- _Data records_:
----------------------------------------

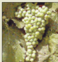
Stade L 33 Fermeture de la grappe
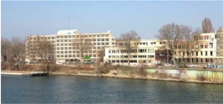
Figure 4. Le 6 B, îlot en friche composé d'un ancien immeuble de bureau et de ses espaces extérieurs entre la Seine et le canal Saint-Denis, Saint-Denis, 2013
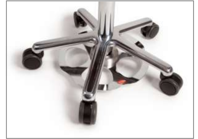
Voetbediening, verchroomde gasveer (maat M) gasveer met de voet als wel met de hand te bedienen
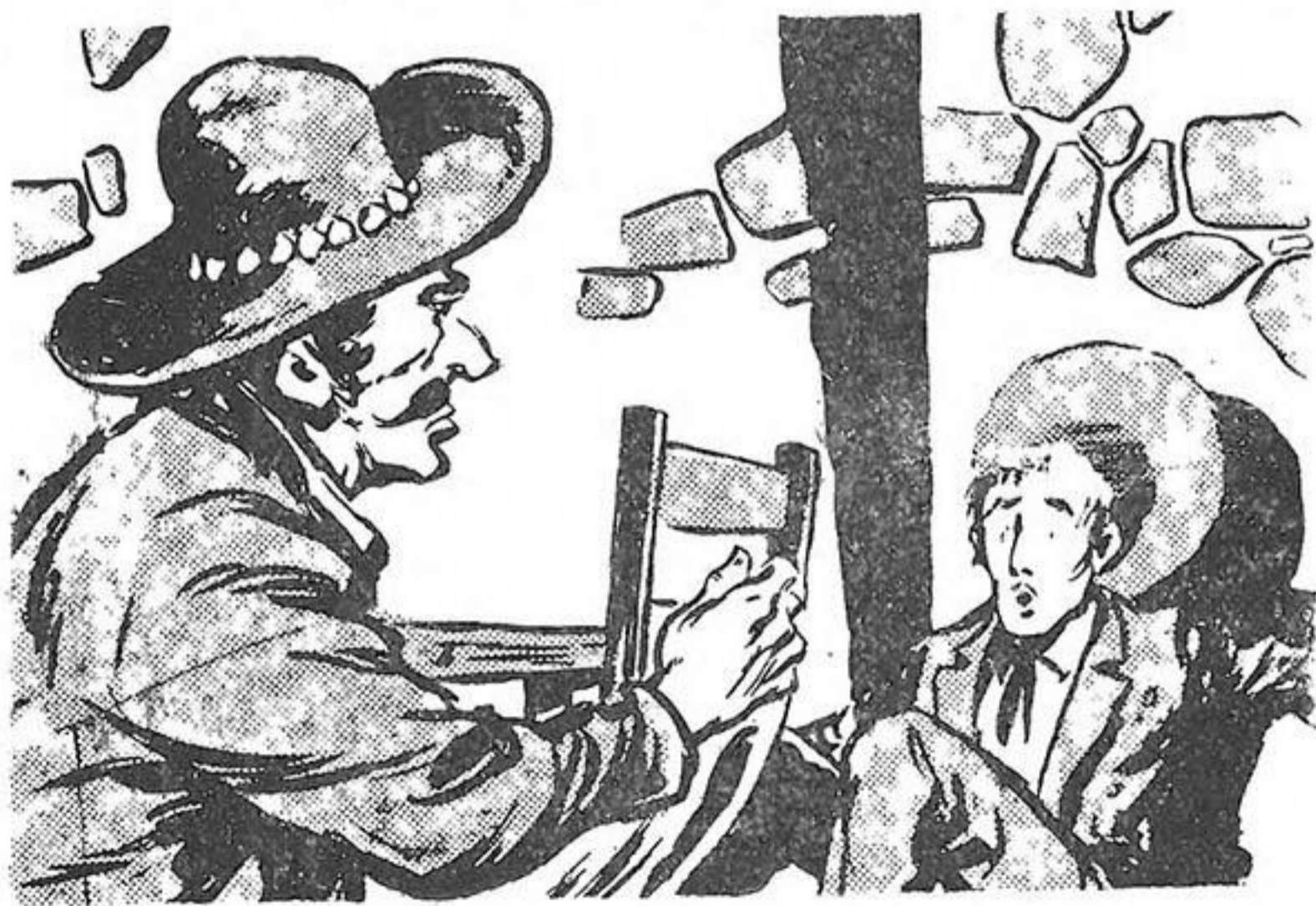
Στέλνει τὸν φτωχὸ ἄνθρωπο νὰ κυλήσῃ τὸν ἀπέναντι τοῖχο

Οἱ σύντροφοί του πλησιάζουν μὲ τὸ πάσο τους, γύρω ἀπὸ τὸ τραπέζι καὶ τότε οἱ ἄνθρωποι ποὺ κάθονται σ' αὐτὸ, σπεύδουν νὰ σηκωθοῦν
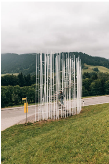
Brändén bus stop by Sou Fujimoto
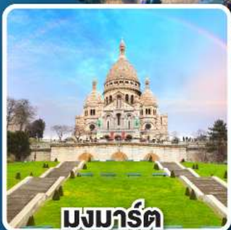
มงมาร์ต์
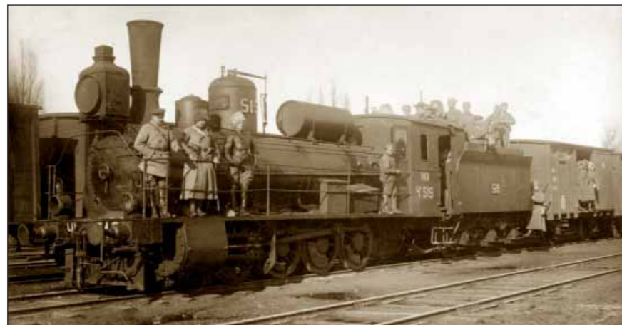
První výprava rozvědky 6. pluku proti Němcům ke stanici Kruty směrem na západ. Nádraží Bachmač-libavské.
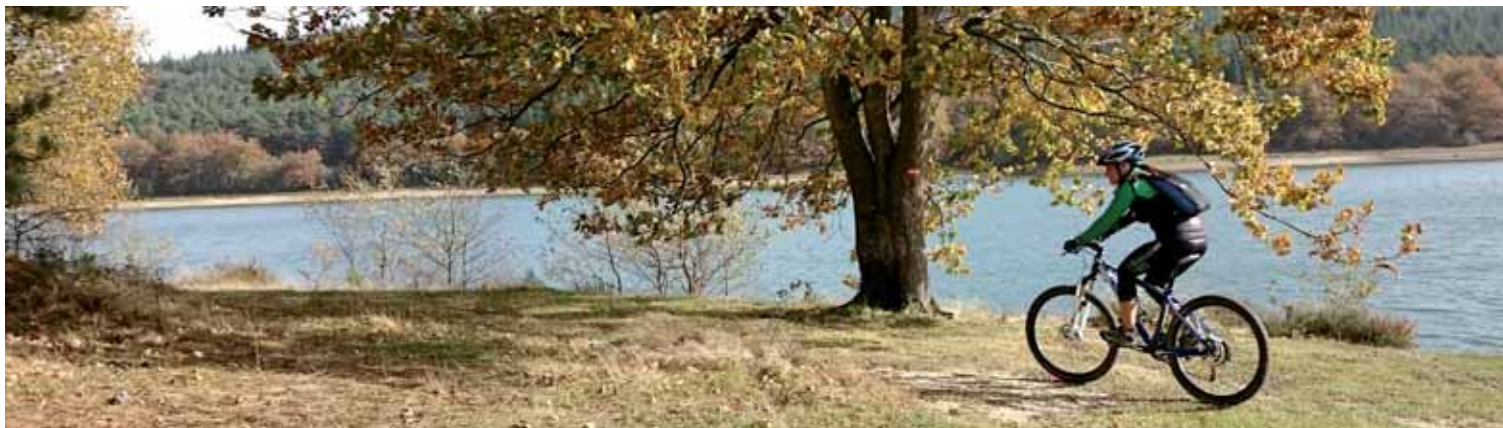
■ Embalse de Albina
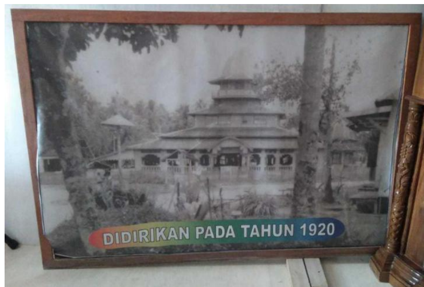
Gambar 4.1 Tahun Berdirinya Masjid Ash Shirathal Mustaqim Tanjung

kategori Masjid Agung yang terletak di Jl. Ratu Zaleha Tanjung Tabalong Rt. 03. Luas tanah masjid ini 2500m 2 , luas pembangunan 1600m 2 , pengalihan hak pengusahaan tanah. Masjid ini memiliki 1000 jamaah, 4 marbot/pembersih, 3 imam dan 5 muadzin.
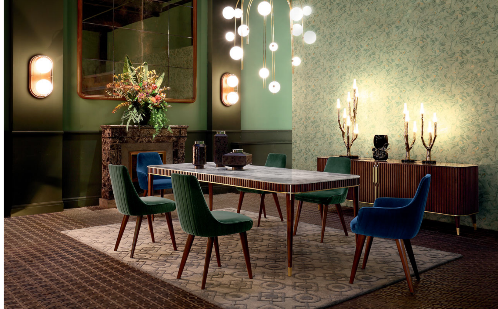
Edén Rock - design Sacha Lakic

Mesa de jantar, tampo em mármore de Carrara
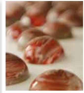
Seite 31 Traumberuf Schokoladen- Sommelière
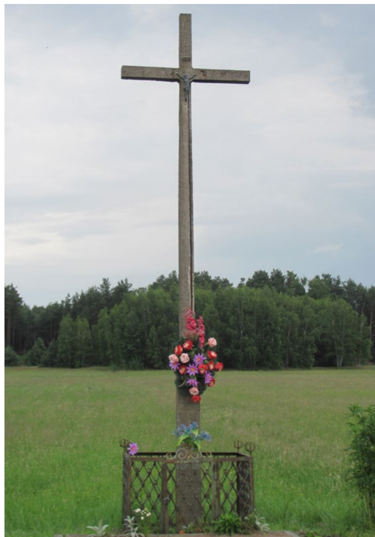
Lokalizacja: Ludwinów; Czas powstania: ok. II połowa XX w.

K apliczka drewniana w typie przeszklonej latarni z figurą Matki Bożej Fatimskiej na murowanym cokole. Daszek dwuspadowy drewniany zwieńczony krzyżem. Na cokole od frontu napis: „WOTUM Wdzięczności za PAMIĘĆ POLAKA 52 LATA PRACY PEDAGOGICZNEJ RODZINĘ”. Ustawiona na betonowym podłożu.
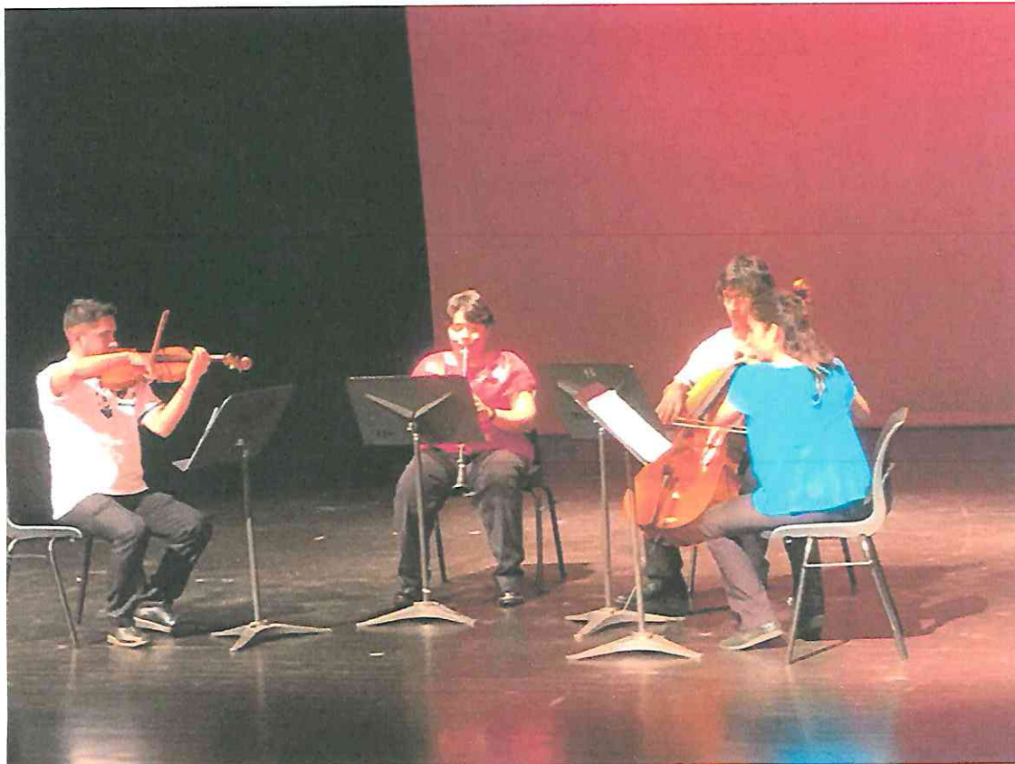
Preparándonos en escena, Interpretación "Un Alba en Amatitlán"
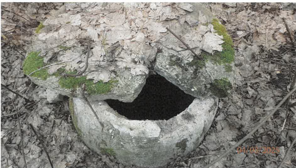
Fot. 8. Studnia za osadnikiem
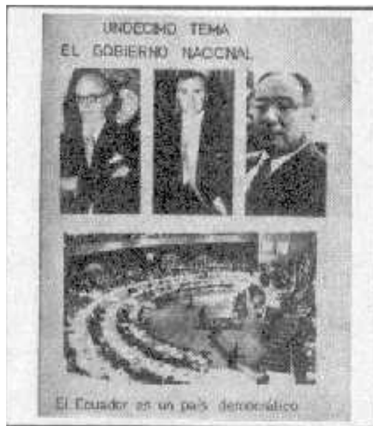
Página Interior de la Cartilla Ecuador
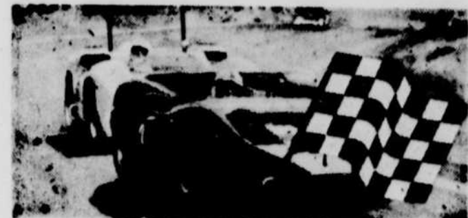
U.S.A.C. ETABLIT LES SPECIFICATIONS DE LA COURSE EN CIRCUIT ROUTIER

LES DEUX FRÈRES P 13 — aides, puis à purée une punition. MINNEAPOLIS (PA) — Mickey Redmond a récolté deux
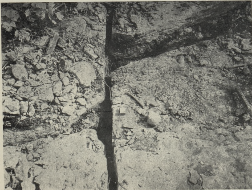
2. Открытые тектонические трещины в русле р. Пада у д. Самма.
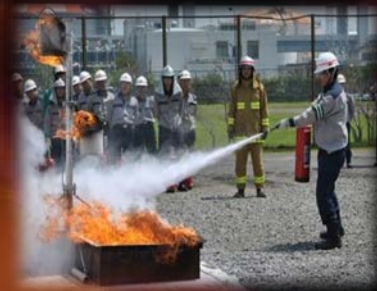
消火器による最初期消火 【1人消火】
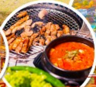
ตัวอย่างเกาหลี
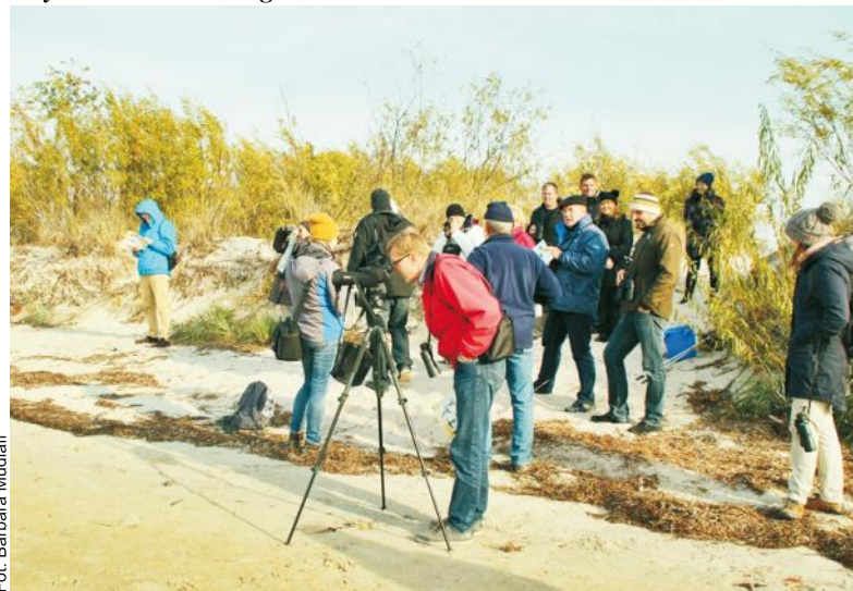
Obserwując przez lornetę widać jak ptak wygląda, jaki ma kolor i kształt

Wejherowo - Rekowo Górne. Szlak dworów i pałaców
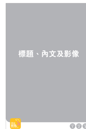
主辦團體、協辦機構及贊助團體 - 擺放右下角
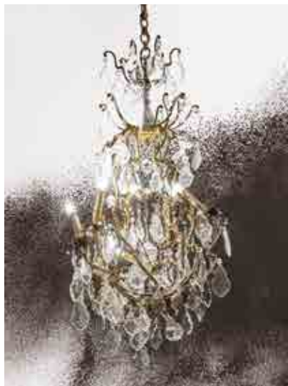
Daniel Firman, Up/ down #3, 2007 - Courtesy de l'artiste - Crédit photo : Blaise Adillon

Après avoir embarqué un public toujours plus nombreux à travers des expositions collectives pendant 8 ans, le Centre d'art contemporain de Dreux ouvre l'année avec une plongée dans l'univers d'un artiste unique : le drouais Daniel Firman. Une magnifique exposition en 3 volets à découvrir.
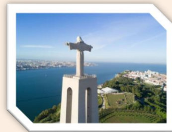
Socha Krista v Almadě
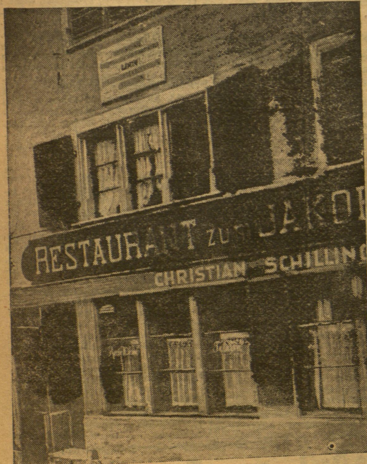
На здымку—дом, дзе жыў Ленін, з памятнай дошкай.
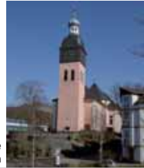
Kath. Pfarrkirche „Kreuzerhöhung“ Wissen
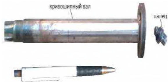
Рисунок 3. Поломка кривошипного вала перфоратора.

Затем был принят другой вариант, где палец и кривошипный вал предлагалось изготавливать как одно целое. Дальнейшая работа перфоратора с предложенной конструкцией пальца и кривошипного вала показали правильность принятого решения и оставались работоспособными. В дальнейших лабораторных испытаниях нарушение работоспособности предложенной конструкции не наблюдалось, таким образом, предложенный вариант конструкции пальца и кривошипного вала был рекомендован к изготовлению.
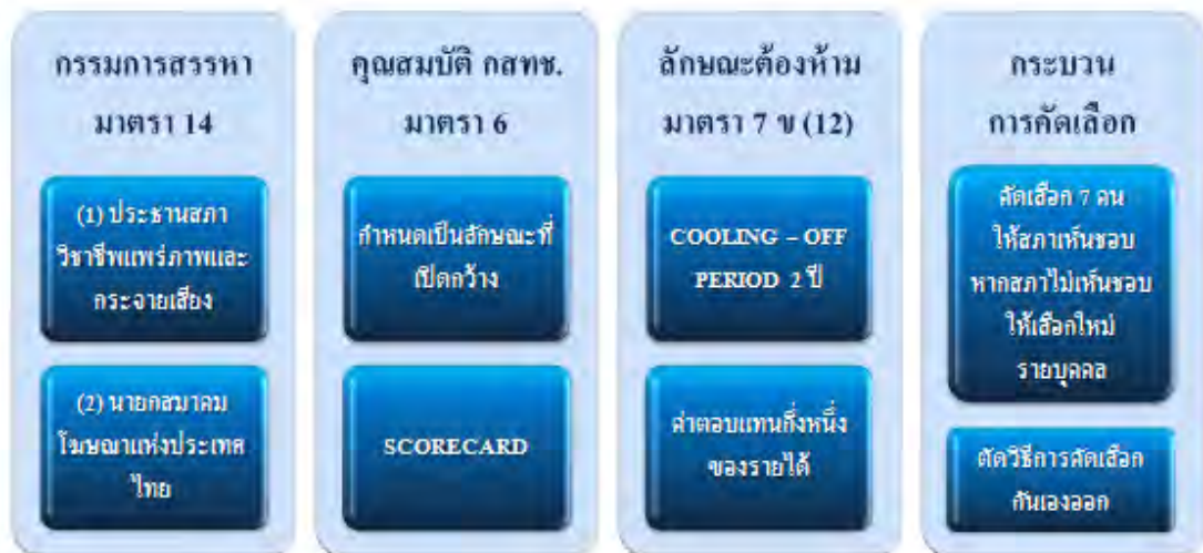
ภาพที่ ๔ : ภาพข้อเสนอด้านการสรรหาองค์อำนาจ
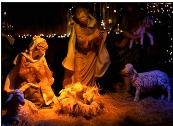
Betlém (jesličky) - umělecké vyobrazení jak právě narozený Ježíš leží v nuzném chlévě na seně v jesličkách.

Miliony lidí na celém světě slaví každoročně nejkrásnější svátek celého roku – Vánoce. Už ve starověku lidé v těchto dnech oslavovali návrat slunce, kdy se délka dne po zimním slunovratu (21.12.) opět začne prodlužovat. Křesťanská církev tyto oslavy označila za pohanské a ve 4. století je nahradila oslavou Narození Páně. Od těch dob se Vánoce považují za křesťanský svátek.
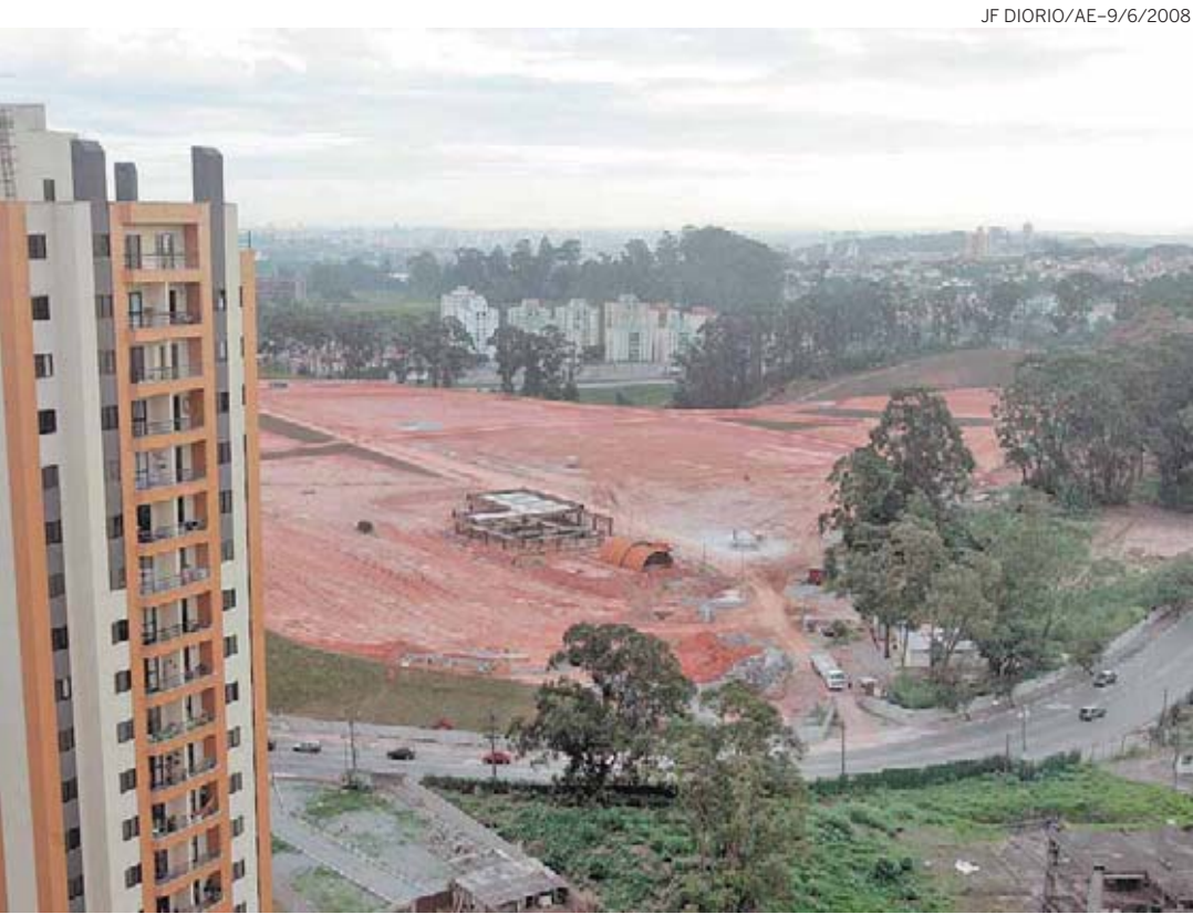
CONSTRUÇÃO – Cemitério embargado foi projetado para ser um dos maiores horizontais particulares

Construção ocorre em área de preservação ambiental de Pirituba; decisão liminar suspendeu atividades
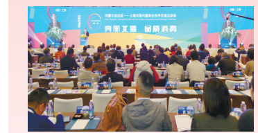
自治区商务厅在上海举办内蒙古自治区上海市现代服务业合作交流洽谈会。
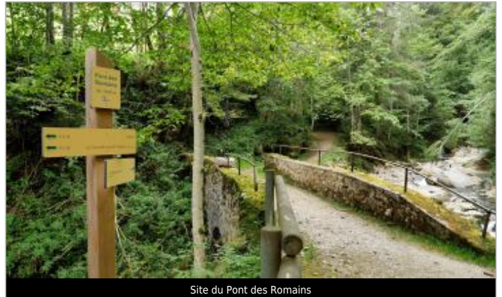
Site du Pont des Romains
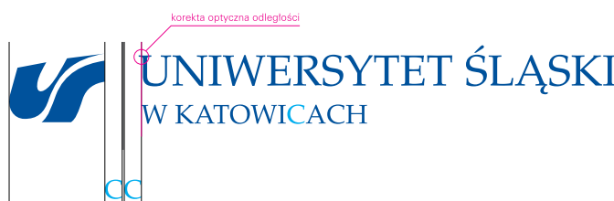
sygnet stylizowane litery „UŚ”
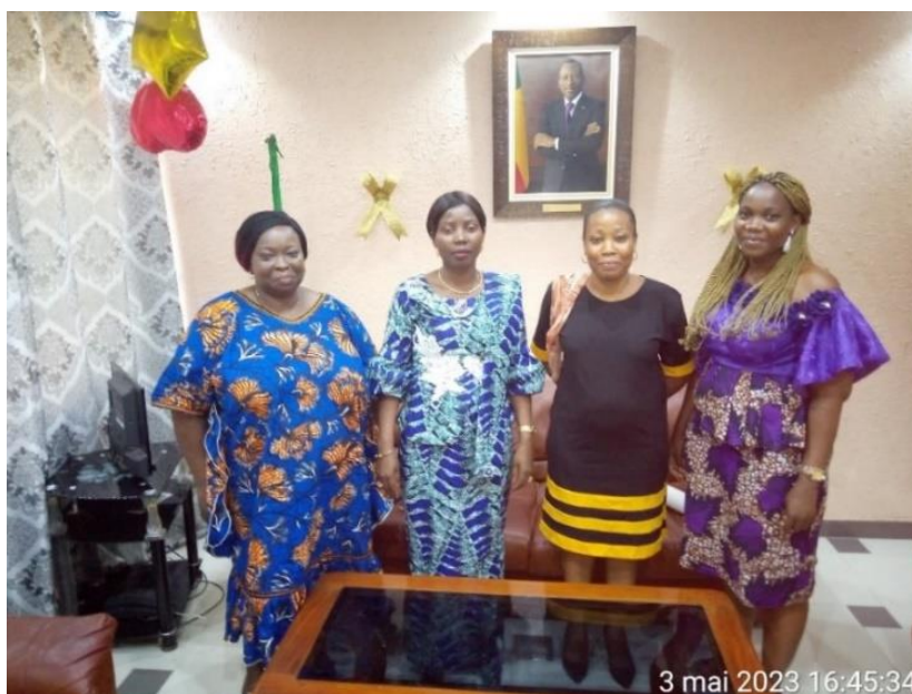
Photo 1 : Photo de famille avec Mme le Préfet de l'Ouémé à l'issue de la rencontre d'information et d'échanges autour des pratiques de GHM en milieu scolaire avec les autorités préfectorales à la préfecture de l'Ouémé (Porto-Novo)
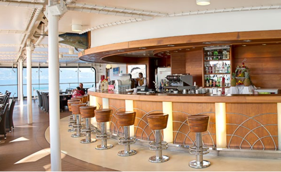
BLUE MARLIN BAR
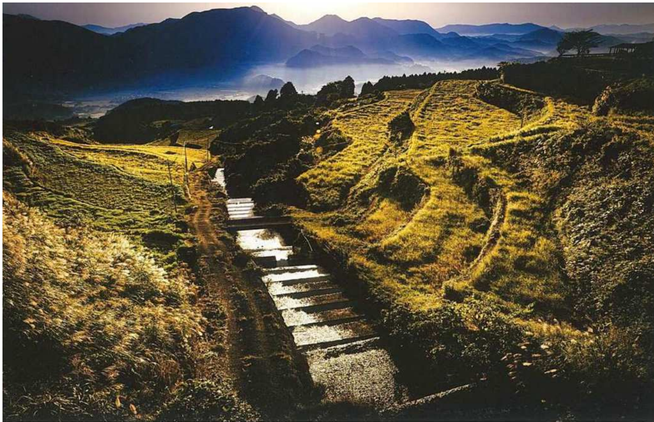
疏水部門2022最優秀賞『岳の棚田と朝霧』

----------------------------------------

- _The problem_: Please set down exactly the lines from the first line of the data above through the line with "Figure 4. Le", both included, leaving out the pictures.

- _Task result_:
Stade L 33 Fermeture de la grappe
Figure 4. Le 6 B, îlot en friche composé d'un ancien immeuble de bureau et de ses espaces extérieurs entre la Seine et le canal Saint-Denis, Saint-Denis, 2013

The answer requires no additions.